L’historien Vincent Duclert révèle à ce sujet à Libération : “Le refus d’accès aux archives de la mission Quilès opposé à la commission est décidément bien troublant”. L’historien regrette que son équipe de chercheurs ait été “privée de la connaissance du témoignage écrit de l’ancien Premier ministre. Alors même que ce document révèle le questionnement critique d’un ancien chef de gouvernement doublé d’un leader de gauche”.

Le rapport final de la commission Duclert, remis le 26 mars 2021, a conclu a “de lourdes responsabilités du pouvoir français” tout en écartant le terme de “complicité de génocide”.  

Ambiguïté de la position française

La lecture des déclarations de Rocard aurait-elle changé la donné? On peut y lire que la politique africaine au Rwanda a pour origine un accord d’assistance militaire, scellé “au cours d’un safari” par Valéry Giscard d’Estaing en 1975. A l’époque, Michel Rocard déplore que “le régime Habyarimana affiche déjà à l’époque une référence raciste marquée. “Mais s’il persécute, il tue encore peu”, estime encore l’ancien Premier ministre.

Le socialiste, qui s’est rendu au Rwanda après le génocide, perçoit la nature réelle du Front patriotique rwandais (FPR) : “une armée faite de citoyens rwandais exilés” et pas un mouvement “ougando-tutsi” comme le qualifie l’entourage de François Mitterrand. Pourtant, comme il le rappelle, il avait été totalement écarté de la décision d’intervenir au Rwanda en 1990, lorsque le régime en place sollicite l’aide de la France pour contrer une rébellion d’exilés rwandais venue d’Ouganda.
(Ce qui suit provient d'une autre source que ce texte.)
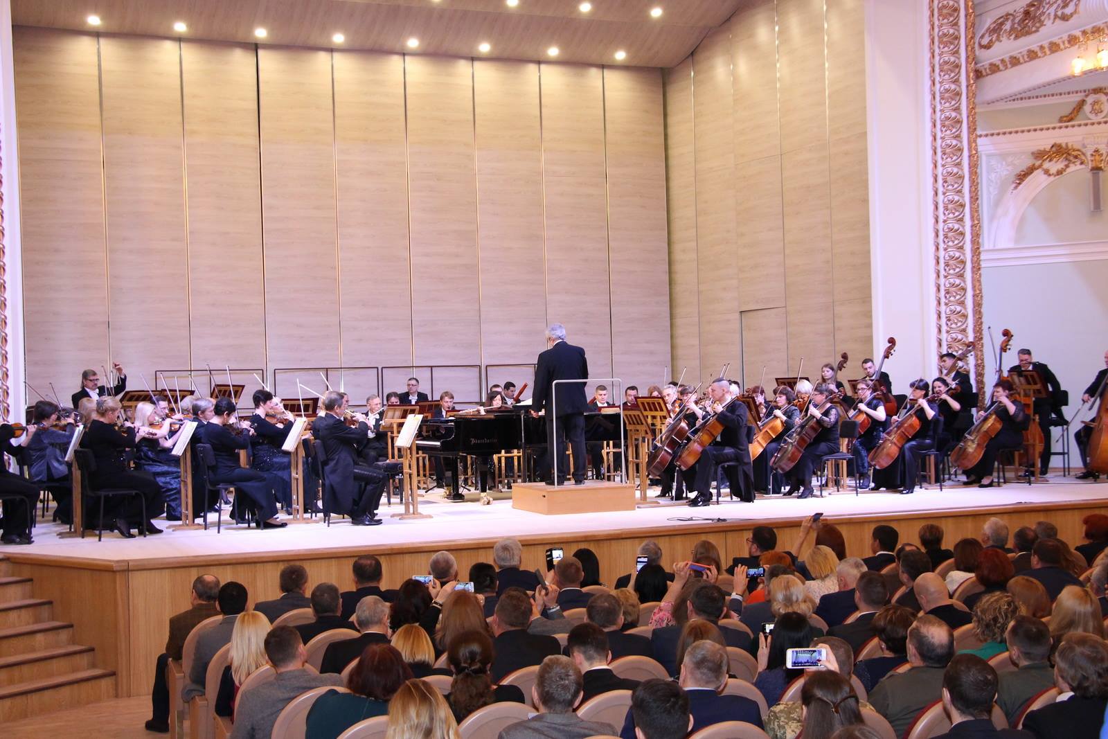 Большой зал Харьковской областной филармонии был построен в конце XIX века как аналог знаменитого зала дворца Тюильри в Париже. В нем уникальная акустика, которую не только сохранили, но и усилили во время реконструкции, оборудовав сцену ракушкой, которая формирует звук так, чтобы он не шел в кулисы и не поглощался занавесом.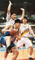전반 중반까지는 접전. 지난달 23일 6강리그에서 연세대를 침몰시켰던 경희대는 스피드를 앞세운 벌떼농구로 연세대를 괴롭혔다. 경희대는 윤영필이 연세대 서장훈을, 양은성이 주포 조상현을 전담마크하고 윤영필과 김성철이 골밑을 잇달아 돌파하며 기세를 올렸다.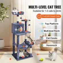 - Cozy Resting Areas: Includes a private cat condo, a soft hammock, and a plush top perch—ideal for relaxing, napping, or simply enjoying the view.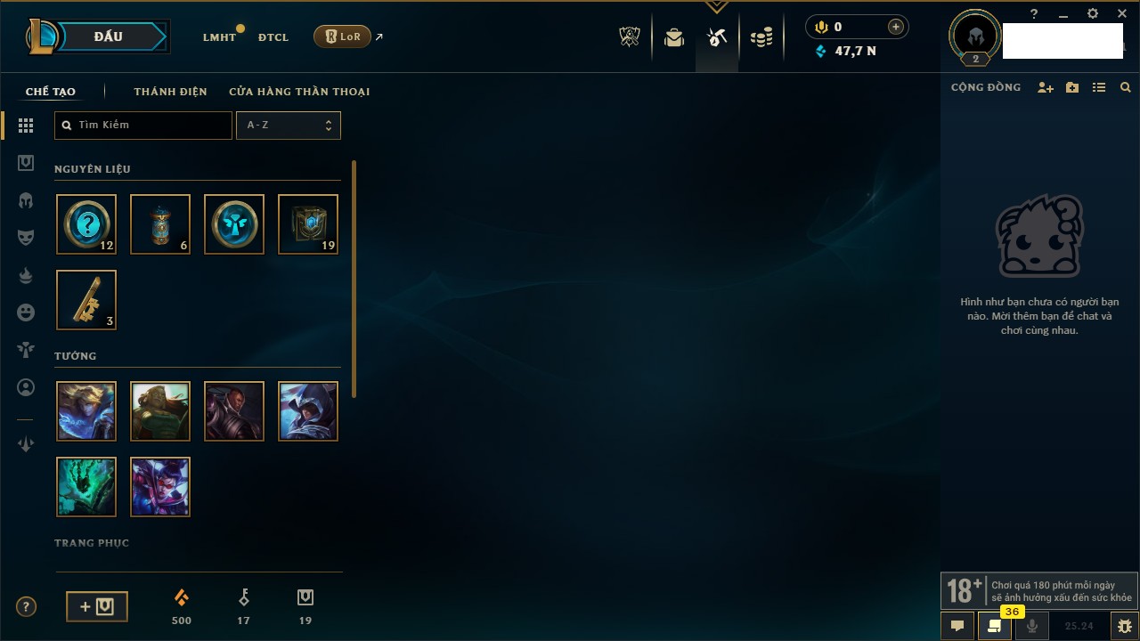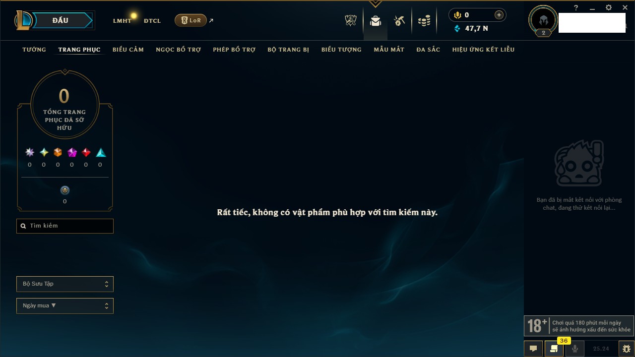 Rank Đơn: Chưa Rank Khung: Chưa có khung Tướng: 157 - Còn 51905 THX Trang Phục: 3 Rank ĐTCL: Chưa Rank Linh Thú: 175

L’ancien rival de François Mitterrand émet également un ensemble d’interrogations, notamment sur le rôle de la France dans les accords d’Arusha du 4 août 1993 (censés mettre un terme à la guerre civile rwandaise commencée en 1990), alors que à son retour d’Arusha, “Habyarimana, contrairement à ce qu’il vient de signer, durcit son régime”, mais aussi sur les livraisons d’armes françaises au régime Hutu. “Quand ont pris fin les dernières livraisons d’armes françaises à Habyarimana ?”, s’interroge-t-il encore.

Emmanuel Macron doit se rendre ce jeudi 27 mai à Kigali pour une visite hautement symbolique présentée par l’Élysée comme “l’étape finale de la normalisation” des relations entre la France et le Rwanda. Reste à savoir si la révélation de cette affaire peut entacher le processus, alors même que Kigali se montre critique vis-à-vis du rapport Duclert.